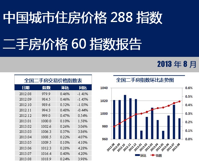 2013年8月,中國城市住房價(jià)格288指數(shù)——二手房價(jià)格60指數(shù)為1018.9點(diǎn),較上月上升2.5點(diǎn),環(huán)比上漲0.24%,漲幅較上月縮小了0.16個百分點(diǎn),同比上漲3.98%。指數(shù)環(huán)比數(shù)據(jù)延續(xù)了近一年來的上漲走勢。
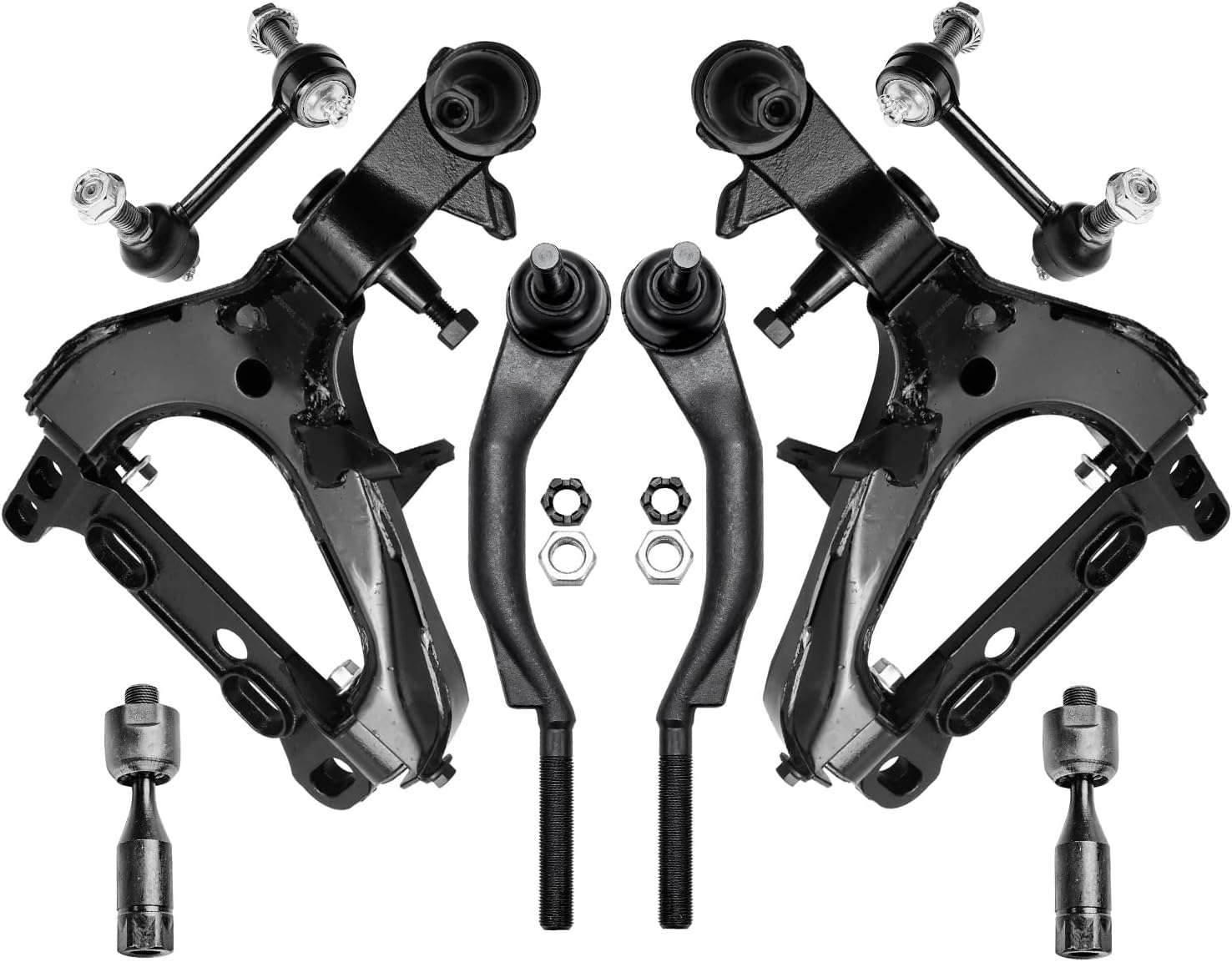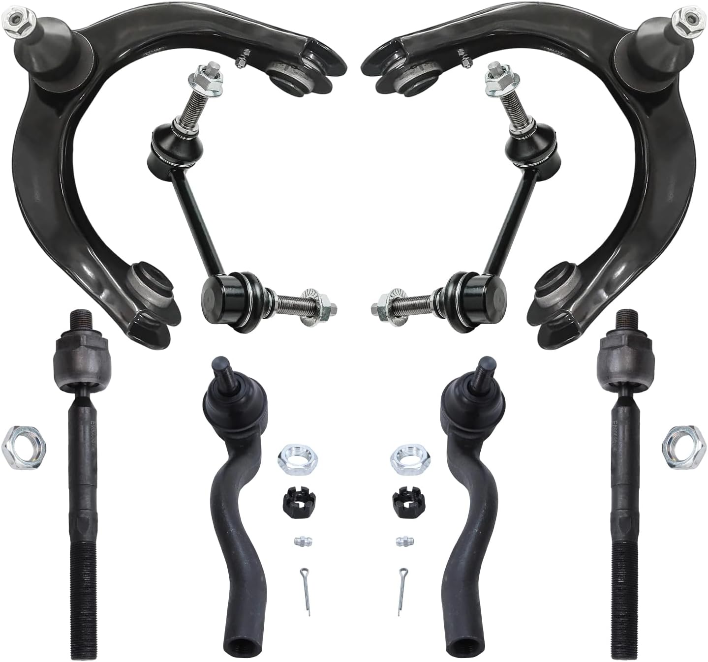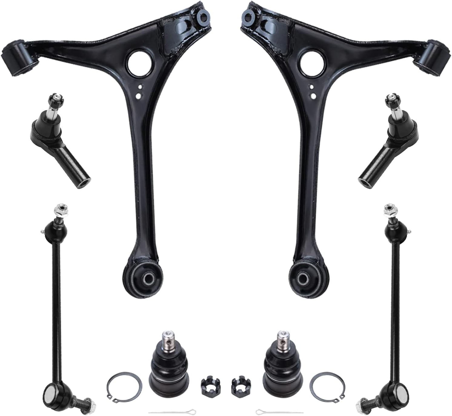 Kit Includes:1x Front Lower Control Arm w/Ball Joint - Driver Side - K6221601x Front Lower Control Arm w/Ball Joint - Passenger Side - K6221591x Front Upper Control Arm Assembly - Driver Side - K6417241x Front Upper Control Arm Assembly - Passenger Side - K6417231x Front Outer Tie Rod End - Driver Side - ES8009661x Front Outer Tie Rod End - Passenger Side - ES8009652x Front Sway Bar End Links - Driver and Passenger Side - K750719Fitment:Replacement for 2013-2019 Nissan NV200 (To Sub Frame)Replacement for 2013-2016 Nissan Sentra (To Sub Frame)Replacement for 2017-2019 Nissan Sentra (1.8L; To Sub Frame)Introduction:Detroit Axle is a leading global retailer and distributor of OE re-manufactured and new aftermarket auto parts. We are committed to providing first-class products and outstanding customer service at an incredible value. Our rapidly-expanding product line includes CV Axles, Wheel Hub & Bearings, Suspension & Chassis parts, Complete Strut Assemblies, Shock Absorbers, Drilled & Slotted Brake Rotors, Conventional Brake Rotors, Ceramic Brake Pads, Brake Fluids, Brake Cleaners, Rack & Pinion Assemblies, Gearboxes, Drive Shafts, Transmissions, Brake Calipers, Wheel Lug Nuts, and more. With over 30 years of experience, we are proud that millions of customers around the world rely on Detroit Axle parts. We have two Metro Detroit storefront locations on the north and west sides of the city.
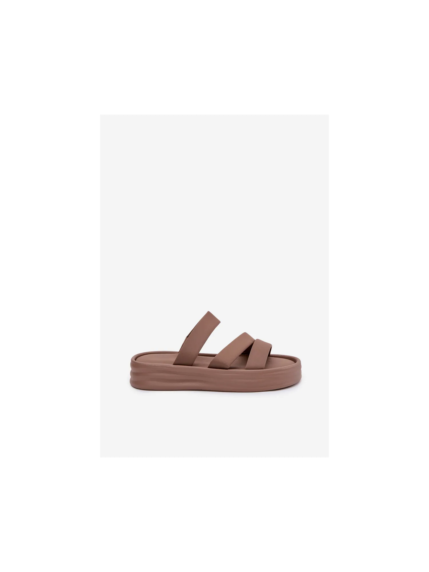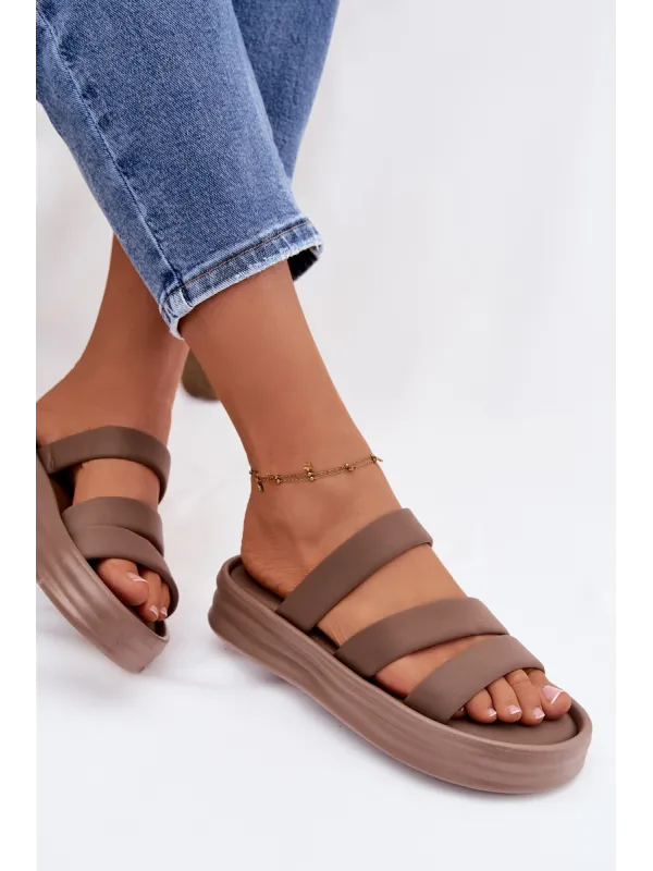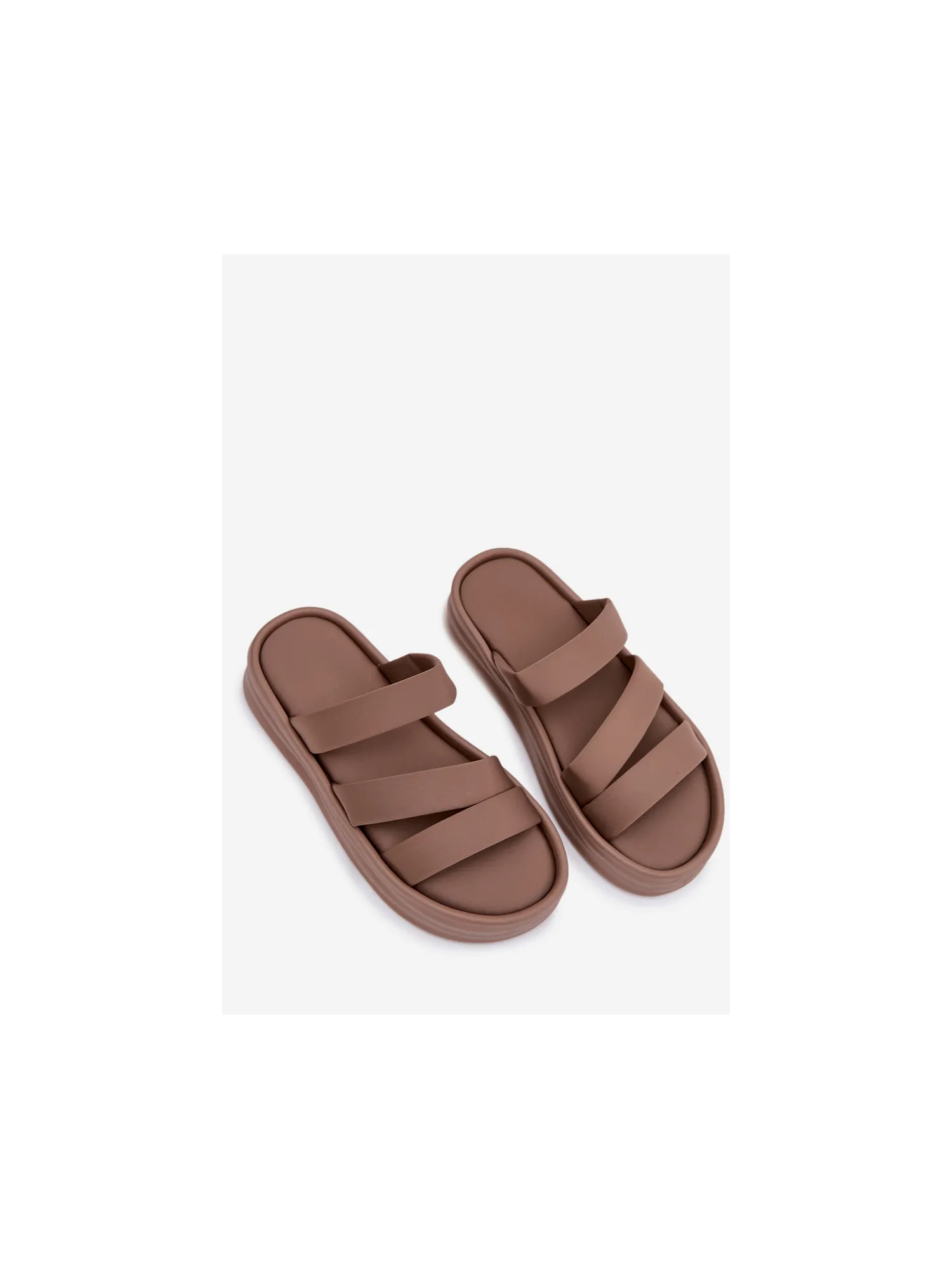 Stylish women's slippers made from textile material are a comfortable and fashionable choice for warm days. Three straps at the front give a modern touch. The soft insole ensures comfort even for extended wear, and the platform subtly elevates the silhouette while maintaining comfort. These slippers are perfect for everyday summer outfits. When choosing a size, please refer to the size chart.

** What this task involves **
Would you copy out every line of the data above exactly, minus the pictures?

** Answer below **
 2013年8月,中國城市住房價(jià)格288指數(shù)——二手房價(jià)格60指數(shù)為1018.9點(diǎn),較上月上升2.5點(diǎn),環(huán)比上漲0.24%,漲幅較上月縮小了0.16個百分點(diǎn),同比上漲3.98%。指數(shù)環(huán)比數(shù)據(jù)延續(xù)了近一年來的上漲走勢。
 Kit Includes:1x Front Lower Control Arm w/Ball Joint - Driver Side - K6221601x Front Lower Control Arm w/Ball Joint - Passenger Side - K6221591x Front Upper Control Arm Assembly - Driver Side - K6417241x Front Upper Control Arm Assembly - Passenger Side - K6417231x Front Outer Tie Rod End - Driver Side - ES8009661x Front Outer Tie Rod End - Passenger Side - ES8009652x Front Sway Bar End Links - Driver and Passenger Side - K750719Fitment:Replacement for 2013-2019 Nissan NV200 (To Sub Frame)Replacement for 2013-2016 Nissan Sentra (To Sub Frame)Replacement for 2017-2019 Nissan Sentra (1.8L; To Sub Frame)Introduction:Detroit Axle is a leading global retailer and distributor of OE re-manufactured and new aftermarket auto parts. We are committed to providing first-class products and outstanding customer service at an incredible value. Our rapidly-expanding product line includes CV Axles, Wheel Hub & Bearings, Suspension & Chassis parts, Complete Strut Assemblies, Shock Absorbers, Drilled & Slotted Brake Rotors, Conventional Brake Rotors, Ceramic Brake Pads, Brake Fluids, Brake Cleaners, Rack & Pinion Assemblies, Gearboxes, Drive Shafts, Transmissions, Brake Calipers, Wheel Lug Nuts, and more. With over 30 years of experience, we are proud that millions of customers around the world rely on Detroit Axle parts. We have two Metro Detroit storefront locations on the north and west sides of the city.
 Stylish women's slippers made from textile material are a comfortable and fashionable choice for warm days. Three straps at the front give a modern touch. The soft insole ensures comfort even for extended wear, and the platform subtly elevates the silhouette while maintaining comfort. These slippers are perfect for everyday summer outfits. When choosing a size, please refer to the size chart.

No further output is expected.